Miles de libros corren la misma suerte: podemos encontrar sus títulos con
cierta frecuencia, pero ni una línea de sus contenidos. ¿Quién sino los
profesores podrán suplir el espacio en blanco con el que se enfrentan los
alumnos en estos casos? No obstante, la administración gubernamental, siguiendo
las recomendaciones de los defensores del mantra, nos mantiene marcando rojo,
amarillo o verde.
Cualquiera
que obtenga conocimientos los podrá aprovechar en el desarrollo de habilidades
de acuerdo con sus propias capacidades —porque estas tampoco son idénticas
entre un individuo y otro.
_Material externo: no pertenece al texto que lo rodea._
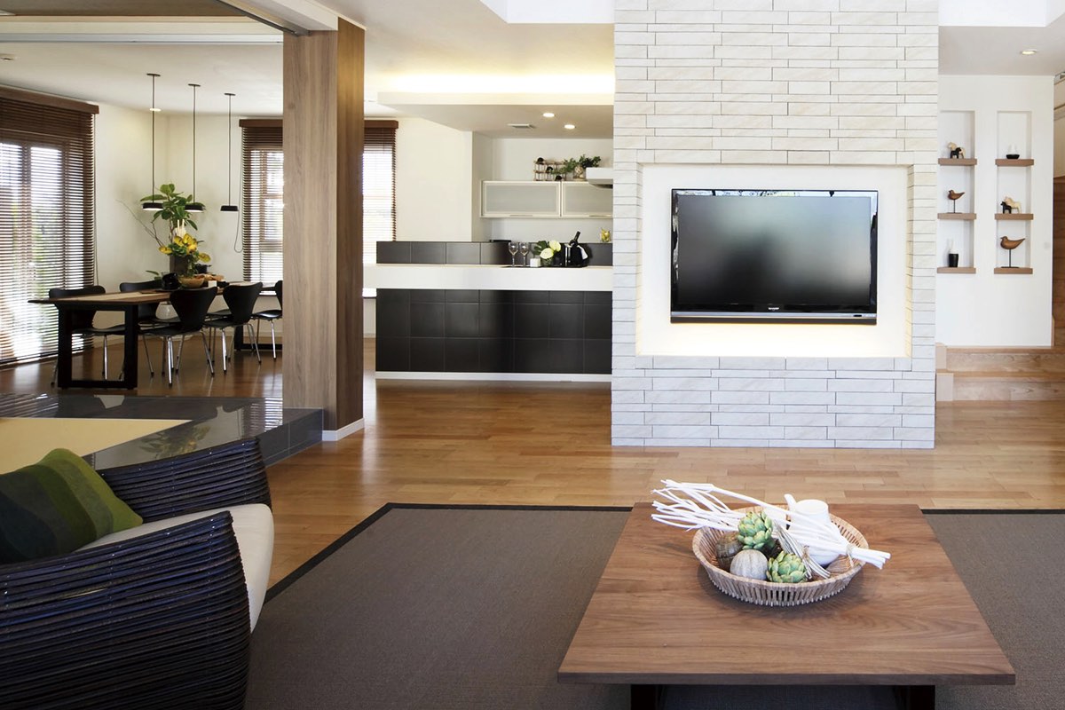 「木の素材感を活かしたナチュラルなモダンスタイル」をテーマに、インテリアコーディネートを演出。間取りの中心となるリビングには吹き抜けを設け、2階天井まで続くアクセントウォールを採用した印象的な空間を実現。

Ciertamente, es posible mejorar las habilidades de
los menos dotados a la vez que perfeccionamos las de los que tienen habilidades
innatas: el primer paso para hacerlo, naturalmente, es la transmisión y memorización
de conocimiento. ¿Cómo aprenderán los alumnos a distinguir sujeto y predicado
si no están al tanto de que ellos conforman un sintagma proposicional y de que
el sujeto es un sintagma nominal a la vez que el predicado es un sintagma
verbal?
Aparte
de difundir ese insensato mantra, Carlos Magro hace algunas afirmaciones
desafortunadas, como que las tecnologías están irrumpiendo en los procesos
educativos —lo cierto es que ya están plenamente instaladas en ellos y no se ha
tratado de una experiencia traumática— o que existe un modelo económico-educativo
basado en generar y gestionar la escasez —asumo que habla del modelo aplicado
en Venezuela— o que el trabajo en el aula debe ser colaborativo —Hannah Arendt
(The Human Condition) aclara que el
trabajo es estrictamente individual.
Carlos
Magro y los defensores del mantra difundido por él deberían aceptar que no hace
falta institucionalizar el «aprender a aprender» o el «aprender haciendo», puesto
que estos procesos ya están instalados en nuestra cultura y vienen operando
desde hace miles de años: declararlos verbalmente no ha hecho que funcionen
mejor. De hecho, ni siquiera la estatización de estos procesos los ha mejorado
de alguna manera, a pesar de la enorme propaganda difundida al respecto: quizá
el único efecto observable de esta medida sea la creencia dogmática de que el
Estado tiene el «deber» de proveer servicios educativos, pero nada más.